For “Dialogue in Color,” The Writer’s Place president, Anne Gatschet, asked Jessica Ayala, Jose Faus, Sheri Purpose Hall, Chell Navarro, Glenn North and Jermaine Thompson to write poems in response to Johnson's collages. Constructed from fragments of painted paper, the pieces inspired a range of responses from the poets.
Gatschet, who contributed a poem of her own, says she was struck by the quiet domestic scenes that Johnson creates.
“They get deeper and deeper as you look," Gatschet says, "and they very respectfully portray intimate moments: The gestures, the way people's bodies are leaning, and the way that a pillow is left on a couch.”

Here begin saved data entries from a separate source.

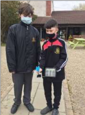
First years carrying out energy conversions using solar energy in our school garden.
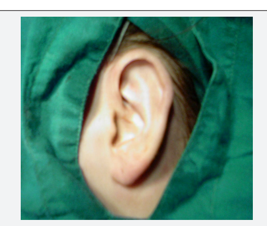
Figure 6: Appearance of the ear shell immediately after surgery where the anatomical structures and architecture of the auricle are preserved are completely preserved.
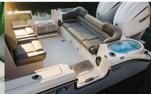
Dual side entry doors
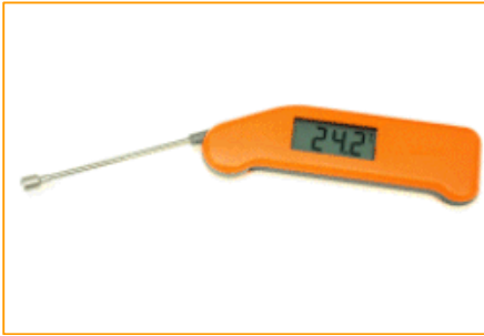
Elcometer 212 Digital Pocket Thermometer with Surface Probe
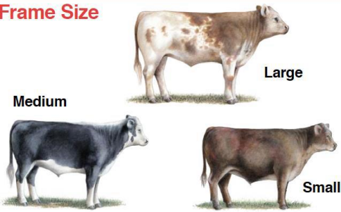
Large and medium frame pictures depict minimum grade requirements. The small frame picture represents an animal typical of the grade.
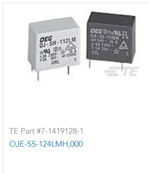
TE Part #7-1419128-1 OJE-SS-124LMH,000
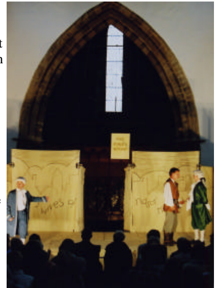
Merry Wives of Windsor 2003

For further details and ticket booking contact Barton Arts on (01652) 637487
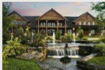
The Keeler Center
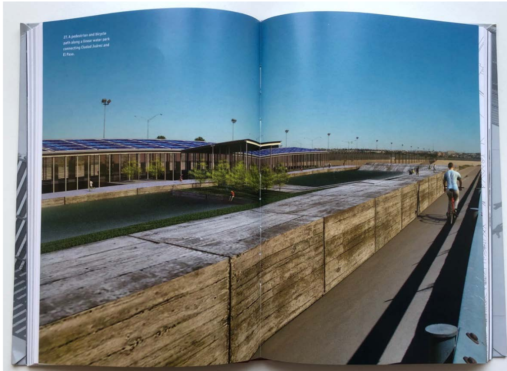
Figure 3. Hydro Wall

Source: Ronald Rael, Borderwall as Architecture .
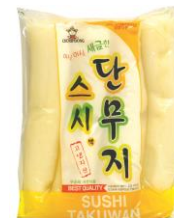
MD4002 초)스시단무지 (백)
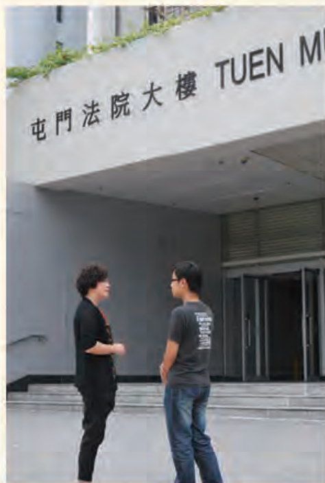
社工到法院為候審人士及其家人提供服務 Social worker goes to court to render service to defendants and their families.
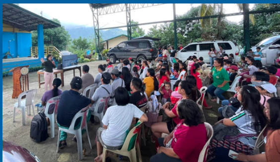
Enhanced Community Immersion Program in Benguet

The Philippine National Police Cordillera Administrative Region Training Center (PNP CARTC) recently conducted a 4-day Enhanced Community Immersion Program at San Pascual Elementary School, Tuba, Benguet. On August 8, 2023, Transcend - TICl staff joined them to address around 150 attendees, including parents, students, and police personnel. The discussion focused on the health risks associated with smoking, vaping, betel quid chewing, and the importance of upholding Tuba's Smoke-Free Ordinance. PNP-CARTC actively collaborates with Transcend and the Baguio Health Services Office to advance tobacco-free advocacy and programs in Baguio and Benguet. This partnership highlights the shared commitment to creating a healthier, smoke-free environment.
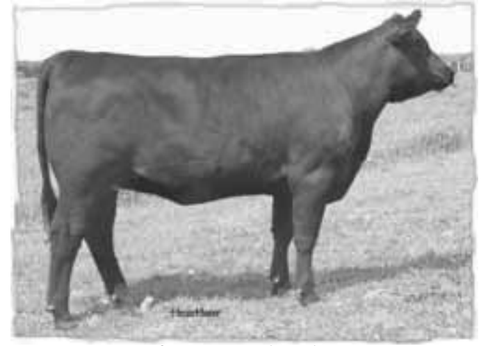
Lot 35 - Young Dale Miss Marion 5U

Exposed: April 26 to July 1, 2009 to J P D Ultimo 19U -1430371-
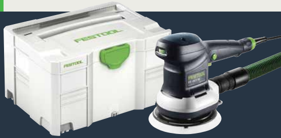
ETS 150/3 EQ-PLUS
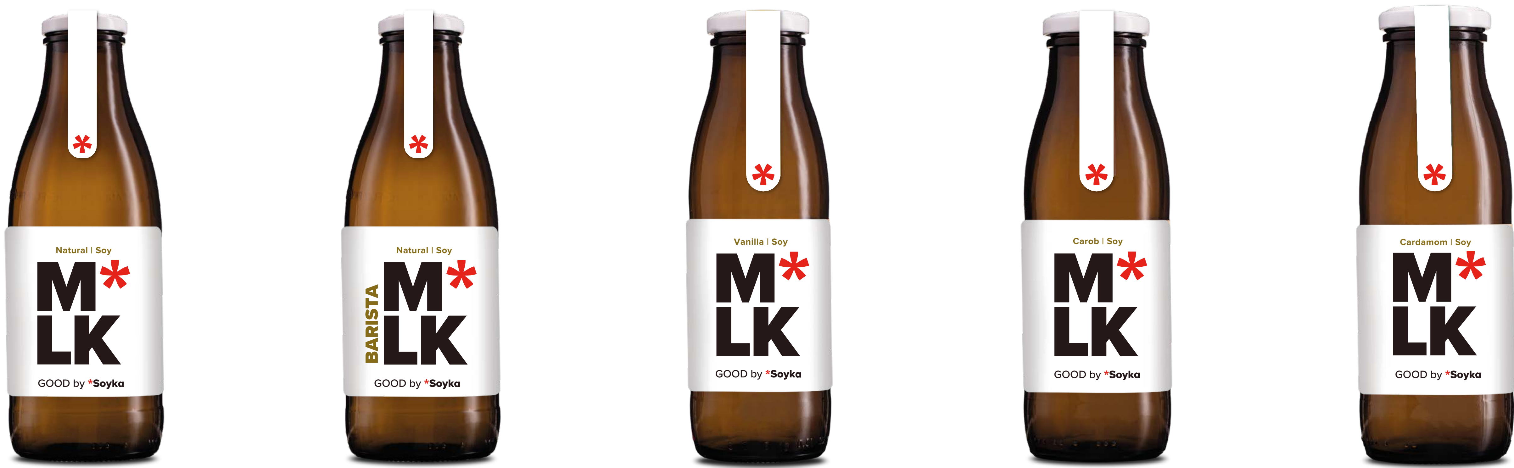
Full Fat Soy Drink Natural 500 / 1000 ml

Johnson's pieces include objects synonymous with black culture. For this new exhibition, Johnson says she wanted to stay true to the common themes in her own work while allowing something new to spring from the ideas in each poem.
“Trying to think about how the poems and the visual work operate together was a struggle at first, but I’ve learned to let things happen more organically,” Johnson says.

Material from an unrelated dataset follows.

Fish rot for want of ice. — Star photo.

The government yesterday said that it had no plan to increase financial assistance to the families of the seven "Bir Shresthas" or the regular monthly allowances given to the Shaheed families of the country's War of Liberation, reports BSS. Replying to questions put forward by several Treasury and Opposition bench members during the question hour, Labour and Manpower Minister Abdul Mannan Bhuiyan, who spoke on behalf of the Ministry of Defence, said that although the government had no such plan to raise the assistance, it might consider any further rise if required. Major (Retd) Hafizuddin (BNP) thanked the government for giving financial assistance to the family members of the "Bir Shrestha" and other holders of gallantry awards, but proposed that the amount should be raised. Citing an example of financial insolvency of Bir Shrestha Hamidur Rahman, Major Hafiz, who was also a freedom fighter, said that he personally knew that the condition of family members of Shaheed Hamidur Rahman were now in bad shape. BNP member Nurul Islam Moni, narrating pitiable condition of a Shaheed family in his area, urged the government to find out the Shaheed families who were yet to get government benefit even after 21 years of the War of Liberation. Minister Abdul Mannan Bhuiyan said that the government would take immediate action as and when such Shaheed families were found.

The finished installation will be revealed on Saturday at a reception and artist’s talk. Each writer who has collaborated with Johnson will be on hand to read their poem.
Sheri "Purpose" Hall wrote a poem reacting to one of Johnson's pieces depicting a room with furniture and sacks of groceries on a table. Hall says she was moved by the scene's neatness and simplicity, and wanted to explore themes beneath its surface.
“It made me think about the way our people have traditionally had to hide our culture to keep it,” Hall says. “The average person would not see the history in this; however, for our people, the handed-down couch and art work on the walls is an important piece of the family and carries the respect of the ancestors.”
The layers of meaning within the works were not lost on Gatschet.
“Even though they are talking about a long-term violence that has been done to a people over hundreds of years there is no violence in the works,” Gatschet says. “They are extremely hopeful. I just think that takes a tremendous capacity for a young woman to do that."
Dialogue in Color, 6:30-9:30 p.m. Saturday, January 6 at The Writers Place, 3607 Pennsylvania Avenue, Kansas City, Missouri; 816-753-1090.